Which Mixtral? What does “heavily quantized” mean?

> A refurbished M1 Max with 32GB of RAM will enable you to generate better quality LLM output than even a 4090 with 24GB of VRAM

Not assuming the 4090 is in a computer with non-trivial system RAM (which it kind of needs to be), since models can be split between GPU and CPU. The M1 Max might have better performance for models that take >24GB and <= 32GB than the 4090 machine with 24GB of VRAM, but assuming the 4090 is in a machine with 16GB+ of system RAM, it will be able to run bigger models than the M2, as well as outperforming it for models requiring up to 24GB of RAM.

The system I actually use is a gaming laptop with a 16GB 3080Ti and 64GB of system RAM, and Mixtral 8x7B @ 4-bit (~30GB RAM) works.

38. edward28 ◴[] No.40063026[source]
I would take those benchmarks with a grain of salt, given that it shows a 96 core epyc loosing in multi thread to a 64 core epyc and a 32 core xeon.
39. ◴[] No.40064678{3}[source]
40. 0x457 ◴[] No.40067455{5}[source]
While there are many people "that work outside Silicon Valley, where the entire company uses Windows centrally managed through Active Directory, and explaining IT that you need a Mac is an uphill battle" I think these companies either don't care about AI or get into it by acquiring a startup (that runs on macs).

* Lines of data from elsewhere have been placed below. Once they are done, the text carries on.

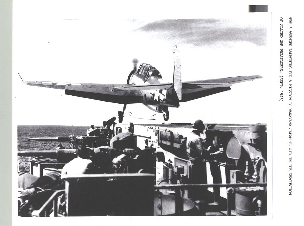 103k | TBM-3 Avenger launching for a mission to Wakayama, Japan to aid in the evacuation of allied war prisoners, September 1945. Collection of LT J.W. Glock, who served as LSO aboard Makin Island, 1944–1945. |
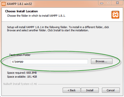 Kemudian Anda akan diminta untuk menentukan lokasi folder penyimpanan file-file dan folder XAMPP. Secara default akan diarahkan ke lokasi c:\xampp. Namun jika Anda ingin menyimpannya di folder lain bisa klik browse dan tentukan secara manual folder yang ingin digunakan. Jika sudah selesai, lanjutkan dan klik tombol Install.
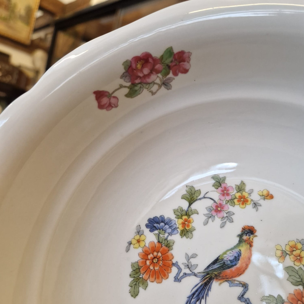 Sběratelský talíř s barevným květinovým vzorem a sedícím ptáčkem. Značeno na spodní části, porcelánka Chodov Czechoslovakia.
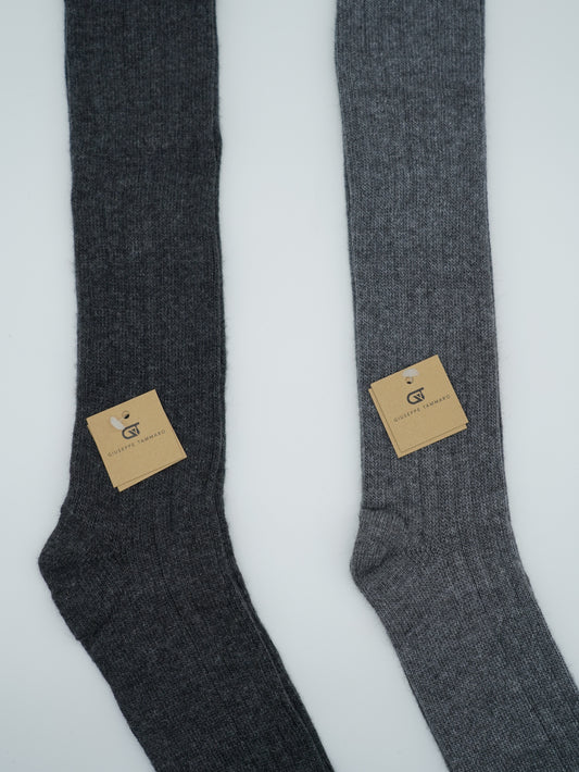 Calze lunghe a costa in misto cashmere grigio chiaro/grigio scuro
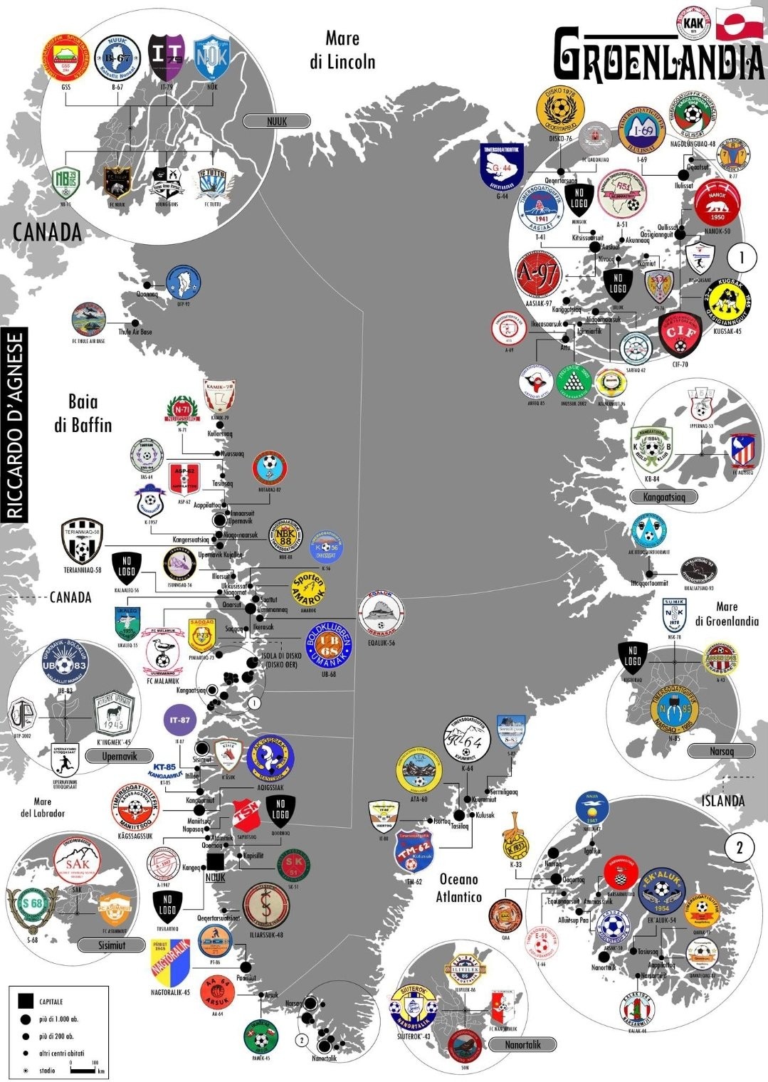 这是一张由海外博主Riccardo D’Agnese绘制的足球俱乐部地理分布图,它的密度并不足以令人震惊。但是你要知道,这是格陵兰岛的足球地图!
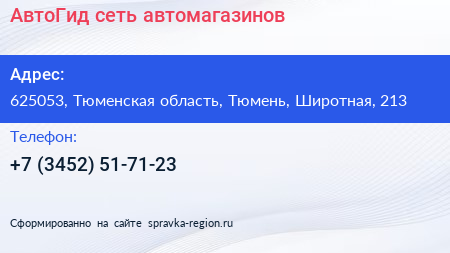 АвтоГид, сеть автомагазинов по адресу 625053, Тюменская область, Тюмень, Широтная, 213 в дальнейшем Организация, размещена в следующих категориях:
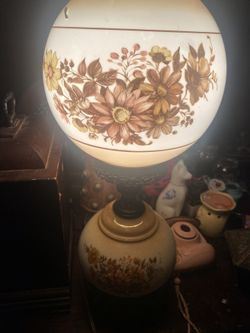 Vintage Double Globed Hurricane Lamp W/fall Flowers Hand Painted (large)$100Dodge City, AL
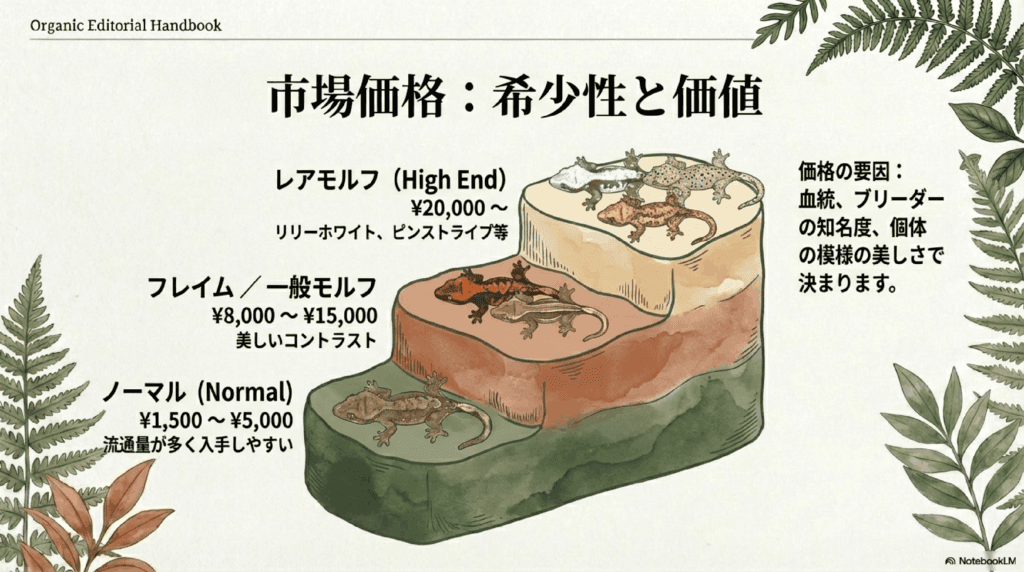 クレステッドゲッコー ヤングの価格は、主にモルフの種類や血統、さらに個体の健康状態に基づいて決まります。一般的に、標準的なノーマルモルフは最も安価で、特殊なモルフは高価になります。
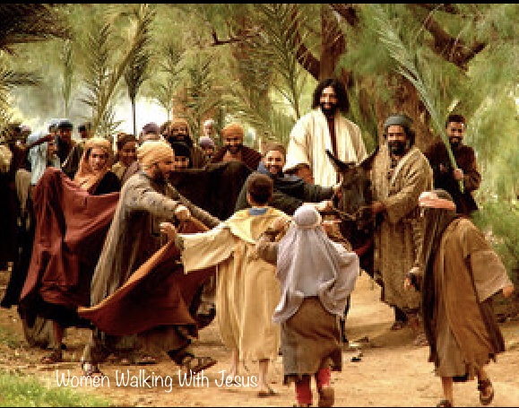 As Jesus rode the donkey into Jerusalem the crowd scattered palm branches in front of Him and the donkey that He had traveled on.
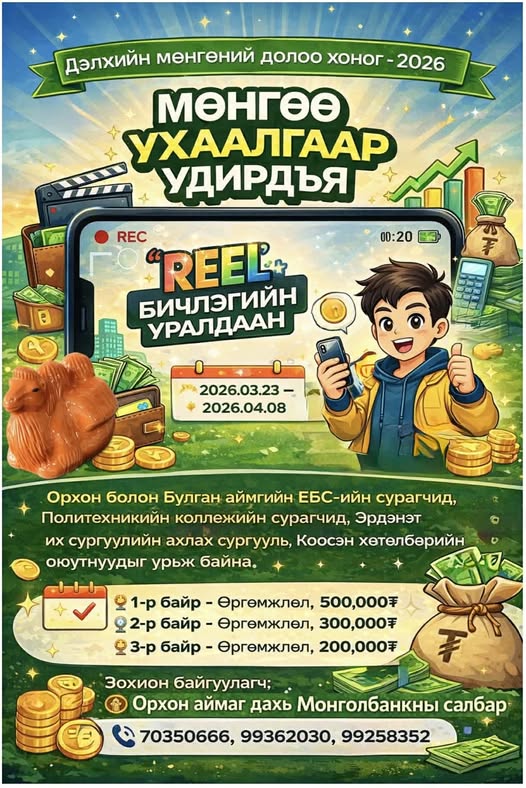 Орхон аймаг дахь Монголбанкны салбарын санаачилгаар “Дэлхийн мөнгөний долоо хоног-2026” аяны хүрээнд ЕБС, коллеж, ахлах сургуулийн сурагчид болон Коосэн хөтөлбөрийн оюутнуудын дунд “Мөнгөө ухаалгаар удирдъя” сэдэвт Reel бичлэгийн уралдаан зохиогдох гэж байна.
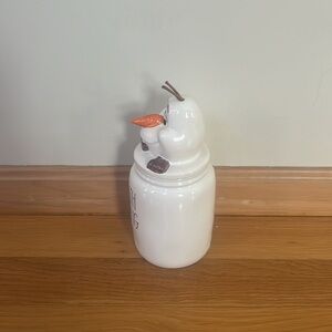 Nwt Rae Dunn worth melting for Olaf canister .
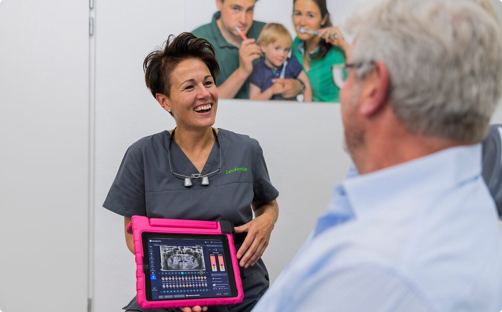 Unsere Zahnärztinnen sind zusätzlich in der Kinderzahnheilkunde geschult und verbinden moderne Technik mit viel Empathie – von der 3D-gestützten Diagnostik über KI-unterstützte Planung bis hin zu individueller Nachsorge. Mit eigenem Zahnlabor und innovativer Parodontologie sichern wir höchste Präzision, Qualität und Nachhaltigkeit.
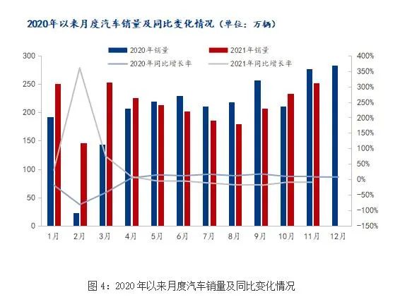據(jù)中國(guó)汽車工業(yè)協(xié)會(huì)統(tǒng)計(jì)分析,2021年12月,汽車產(chǎn)銷分別完成290.7萬輛和278.6萬輛,環(huán)比分別增長(zhǎng)12.5%和10.5%,產(chǎn)量同比增長(zhǎng)2.4%,銷量同比下降1.6%。2021年,我國(guó)汽車產(chǎn)銷分別完成2608.2萬輛和2627.5萬輛,同比分別增長(zhǎng)3.4%和3.8%,結(jié)束了連續(xù)3年的下降趨勢(shì)。新能源汽車銷售完成352.1萬輛,同比增長(zhǎng)1.6倍。
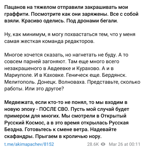 Аким пишет: «Кстати, я ещё в Каховке, Авдеевке, Курахово, Мариуполе много хуев нарисовал укропам. Но резонанс только сейчас. Новороссия недостаточно русская получается и там можно, а вот в Курской области нельзя?»
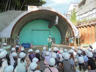 5年生が尻手黒川道路のトンネル工事現場を見学をしました。子供たちはヘルメットをかぶり、工事関係者の方の案内で安全に配慮された中での見学です。
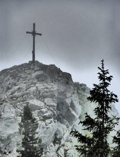 Der Nebel wird lichter und nimmt den Schleier von den Konturen, der Gipfel aber ist immer noch nicht zu sehen; mehr und mehr aber von dem felsigen Steig, der zu ihm hinauf führt. Dann taucht das Kreuz auf. Zu ihm hin bewegt sich aus dem Nebel heraus eine Person, hantiert an etwas herum (am Blechkasten mit dem Gipfelbuch) und steigt dann herunter. Der Wanderer beantwortet gerne meine Fragen, und die Antworten gefallen mir. Voller Neugierde kann ich mich aufmachen, meine geplante Strecke weiterzulaufen, die mich durch eine menschenleere bezaubernde Bergwelt führen wird, 16km weit mit zwei Anstiegen von je 600hm.
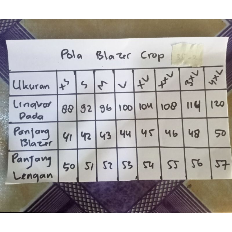 Pola Instan Baju Blazer Crop Karton Tebal S-4XL

Companies that run windows and AD are too busy to make sure you move your mouse every 5 minutes while you're on the clock more. At least that is my experience.

replies(1): >>40076476 #
41. MichaelZuo ◴[] No.40076476{6}[source]
There are some genuine, non-Dilbert-esque uses for AD. Where there really isn't a viable, similarly performant, alternative.
42. dangus ◴[] No.40077726{6}[source]
I’m still seeing over a 100% uplift comparing mobile to mobile on Nvidia products: https://gpu.userbenchmark.com/Compare/Nvidia-RTX-4090-Laptop...

As far as desktop products, power consumption is irrelevant.